This afternoon I am very pleased to be presenting at the Annual Conference of the Scottish Grocers’ Federation in Glasgow. The novelty of doing this F2F is slightly offset by the wisdom of doing so, not because of what I might say and the reaction I might get, but because….. well you know.
The invitation was to discuss in 10 minutes or less convenience stores and the Covid 19 pandemic. Where to start? The slideshow below is the presentation I eventually came up with and the text following is an accompanying summary to the slides.
In March 2020, the world changed in Scotland and for retailing. It is hard now to realise how rapidly it unfolded, but also of course how persistent it has been. There is an interesting extended timeline available produced by SPICe, just to remind you of some things that went on.
Retailing in a very short space of time was redefined and classified into essential and non-essential, with considerable consequences. Lockdowns became the norm with some initial panic buying but a longer-term focus on staying local and the extension of technology (for example online retailing but also contactless cards). For convenience stores they were at least essential, but they brought new patterns, challenges and costs, as well as returns.
The impacts can be divided into sales shifts and behavioural questions. “Hospitality” (in the broadest sense) sales switched to retail, digital sales rose dramatically and local businesses gained sales. Convenience stores saw sales increase, basket size grow and market share expand. This has dropped back a bit in 2021 but is still a positive story.
Behaviourally, the pandemic made many consumers (and others) focus on what was important to them and their communities. There has been great questioning of how systems are structured and why, and who benefits (and who does not) leading to issues over sustainability and equity. Convenience stores are at the heart of this, serving many communities, including some of those hardest hit by the pandemic.
We are now though, albeit in a bumpy fashion, beginning to live with the virus. Physical shopping has grown, reducing the online peak. Hospitality has opened up, and some travel. Larger retailers via larger stores have regained some market share. Previous patterns are re-establishing.
It is also the case though that new patterns are emerging, albeit all of these have very distinct demographic impacts. Working from home has become a bigger thing. Digital embeddedness has become more normal and where people live, work and move around is altering. For convenience stores as this unfolds there will be opportunities, but in some areas, challenges.

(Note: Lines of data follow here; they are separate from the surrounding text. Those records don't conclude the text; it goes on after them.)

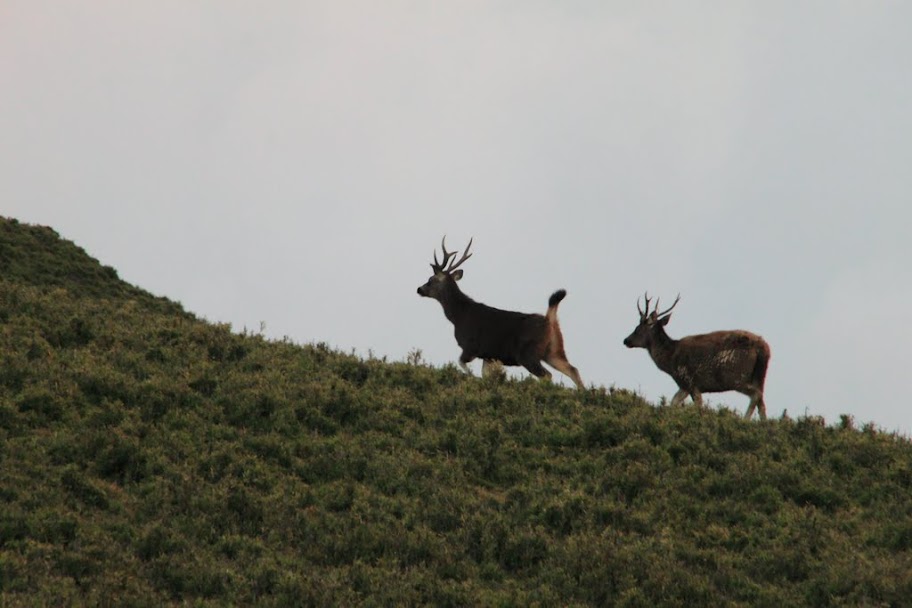 1525,輕裝往東郡大山,途中回望營地及稜線草坡一景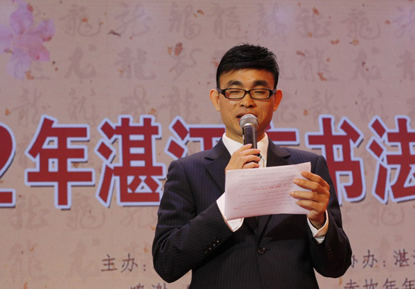 据了解,自2004年以来,每年的早春,湛江市书法家协会都搞一次大型新春雅集活动,书法界的同仁欢聚一堂,以书会友,共聚友谊,同论书道,共促我市书法事业的发展。每年的这个时候,已经成了湛江书法界还有湛江艺术界和社会各界人士共同期盼又津津乐道的一大文化盛事。每年的活动都搞得隆重宏大,分别在皇冠假日酒店、恒逸国际酒店、海滨宾馆等湛江高档酒店举行。而活动举办8年来均由黄达海处长主持,黄处长大气、沉稳、专业又不失幽黙的主持风格得到领导嘉宾的高度肯定,也受到广大书法家的好评与欢迎,被誉为湛江书法界的“金牌司仪”。
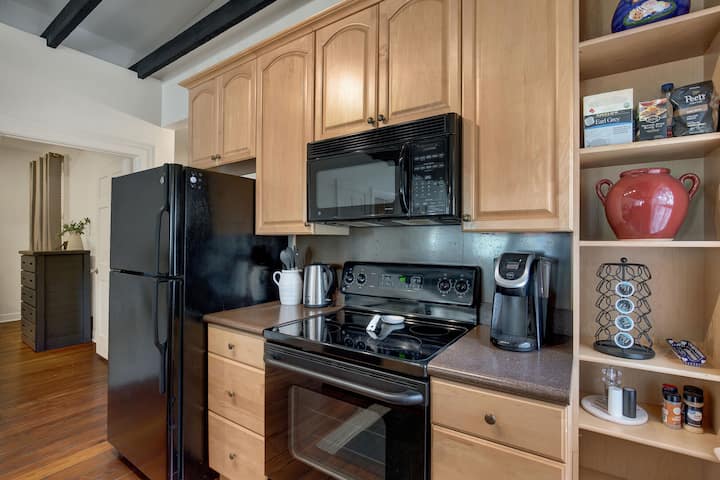 Të qëndrosh në këtë loft elegant do të thotë të zhytesh në thelbin e vërtetë të Savannah. Zgjohu nga pamjet dhe tingujt e një qyteti të gjallë, shijo një shëtitje në mëngjes nëpër rrethin historik dhe zbulo sharmin e lisave të mbushur me myshk dhe sheshe piktoreske që e bëjnë Savannah kaq unike. Pavarësisht nëse je këtu për të eksploruar historinë, për t 'u kënaqur me kuzhinën e shijshme apo thjesht për t' u çlodhur me stil, ky loft është baza ideale për përvojën tënde të pushimeve me qira në Savana.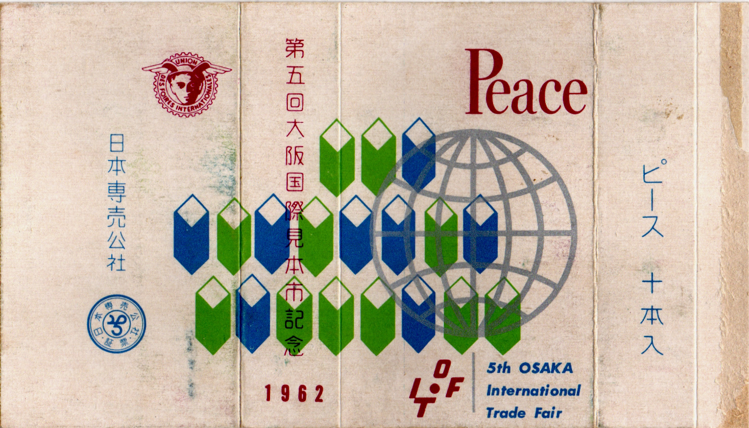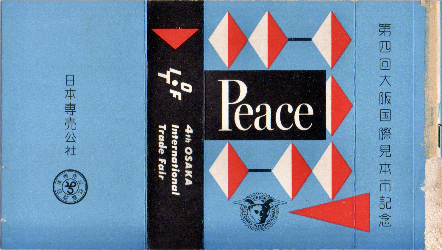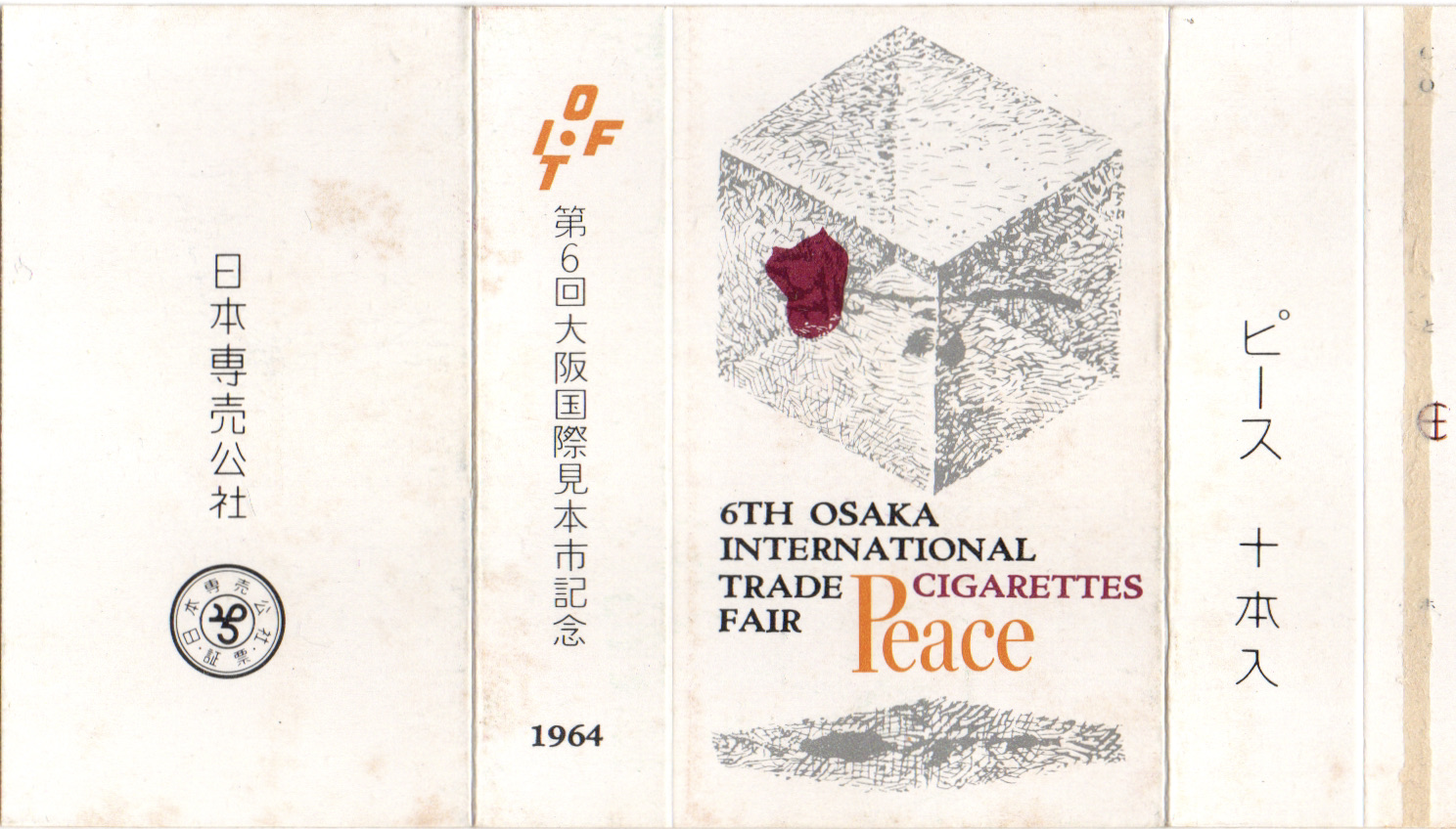 1964年開催の第6回大阪国際見本市開催記念のパッケージ。バラが入った浮いたキューブの絵柄がちょっとハイカラ。

So, what are my reflections? Convenience stores did a great job, well. They provided a vital support network for many individuals and communities. More people realised what convenience stores are all about and can deliver, in person and increasingly digitally. In all of this, the vital importance of ‘local’ has become ever more recognised and supported, with businesses and consumers reacting very positively.
As the First Minister said in March 2020, this is ‘the biggest challenge of our lifetimes’. In meeting that challenge convenience stores play a vital role in delivering for people, places and the planet. They can serve the needs of all communities and people in Scotland. To do so we need to build on the recent progress and develop a system that ensures we are stronger and more locally resilient for the future, to the benefit of the local communities.